An illustrated step-by-step guide to painting that difficult page you’ve been putting off.
When working on your section of a collaborative dystopian graphic novel for the Edinburgh International Book Festival, you want to make a good job of it. Not least because it has been written for you by Pat Mills and everyone keeps telling you that Pat Mills has very high standards, including Pat Mills himself.
Draw a slum set in Scotland approximately 30 years into the future. I used a 0.1 Mitsubishi Uni Pin to capture the scratchy but precise detail of futile overcrowding.
Decide on a time of day. In this instance I worked closely with fellow artist Will Morris to choose ‘dusk’, as our scenes overlap and the lighting suits both our needs.
Working in acrylic inks, carefully mark out the areas of shadow using indigo and artificial light using radiant yellow. You would normally only use sepia and indigo for cold natural light but you thought brighter colours might add to the trapped vibrancy of humanity on page 15, so you have no choice but to suck it up and use colour, clever dick.
Using the sepia of thwarted hope and the earth brown of encrusted destitution, add some depth to the shadows of the buildings made from modified shipping containers.

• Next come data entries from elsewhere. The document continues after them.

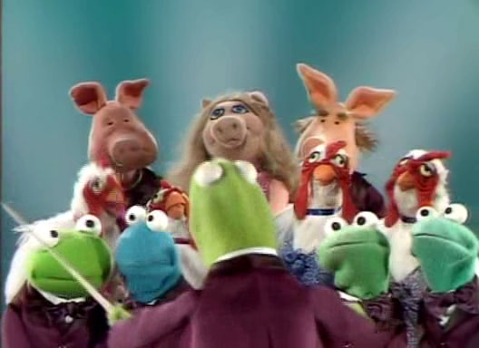 В исполнении хора маппетов звучит проникновенная ария Temptation (соблазн). Солирует мисс Пигги. Правда, она в какой-то момент сильно увлеклась...
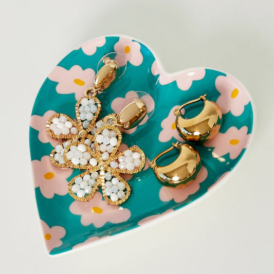 Sieradenschaaltje Flower Power Hart roze geel 11cm
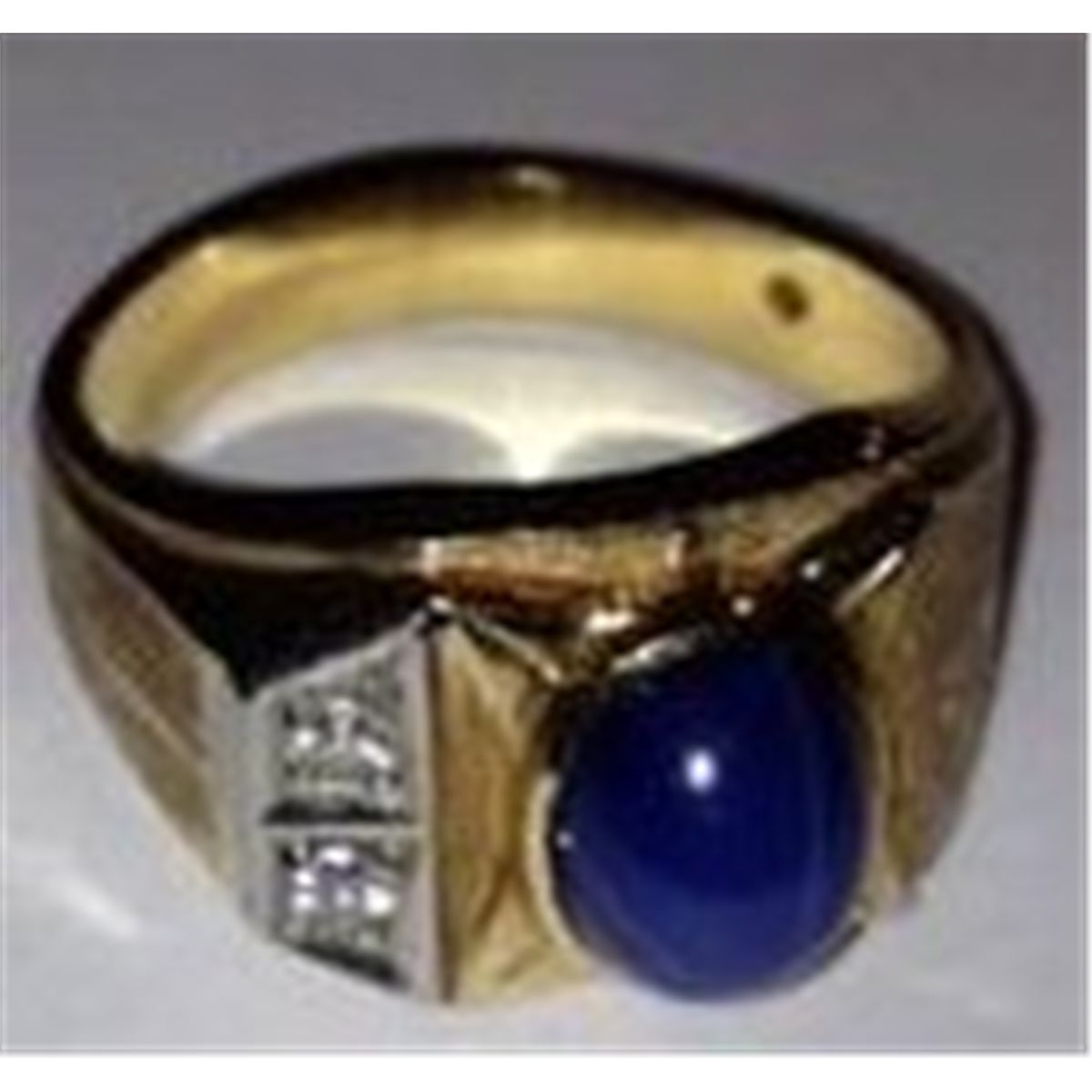 14K MENS GOLD RING W/.12 CT VS DIAMONDS AND LINDE BLUE STAR SAPPHIRE, 9 GRAMS GOLD
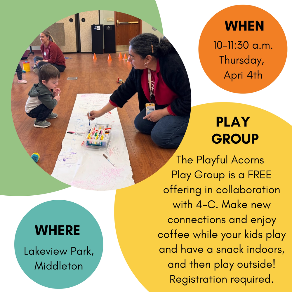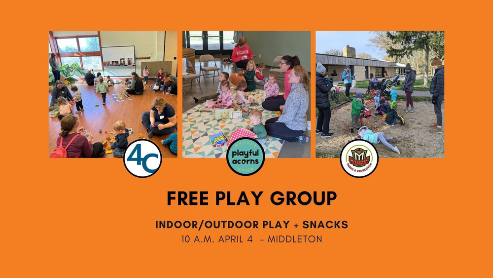 - Free Play Group: 10-11:30 a.m. Thursday, April 4th at Lakeview Park indoor heated shelter, Middleton (space limited, registration required)
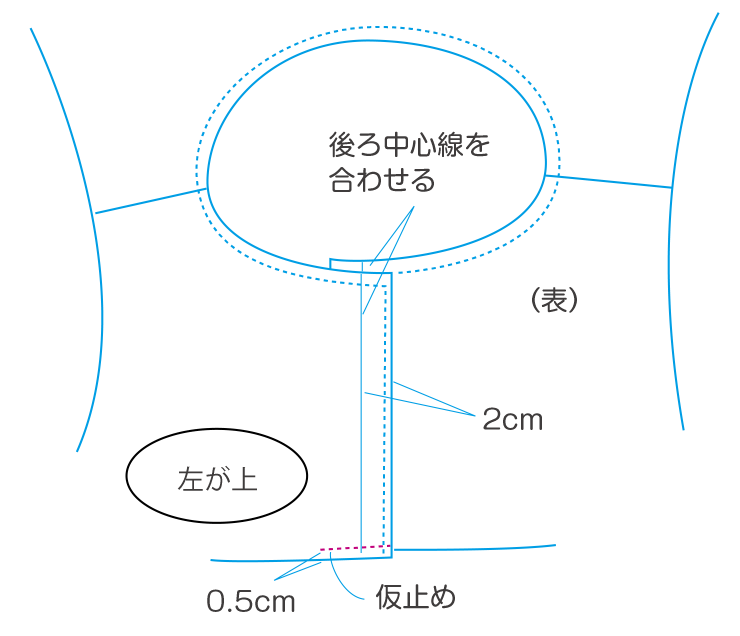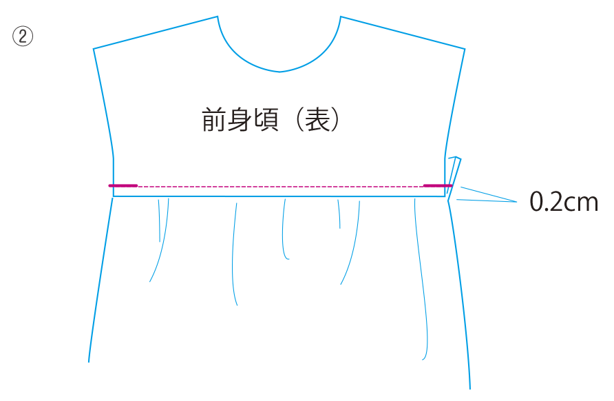 ②ぬいしろを身頃側に倒して表側から

Combine sepia and indigo to add in the shadows of an oppressive oligarchic regime.
Keep adding the shadows, because both the plutocratic system and many features of climate change can become caught in a self-perpetuating positive feedback loop. Remember not to overwet the page with tears.
With a careful mix of radiant yellow and warm red, refresh the page with blazing elements of the last dying light.
Finally, digitise page and add in ironic details suggested by Pat Mills and story editor Denise Mina. It’s up to you which notorious climate change denier would be most appropriate to name the slum after – in this instance I chose ‘Owen Paterson’, though ‘Lord Lawson’ would have worked equally well.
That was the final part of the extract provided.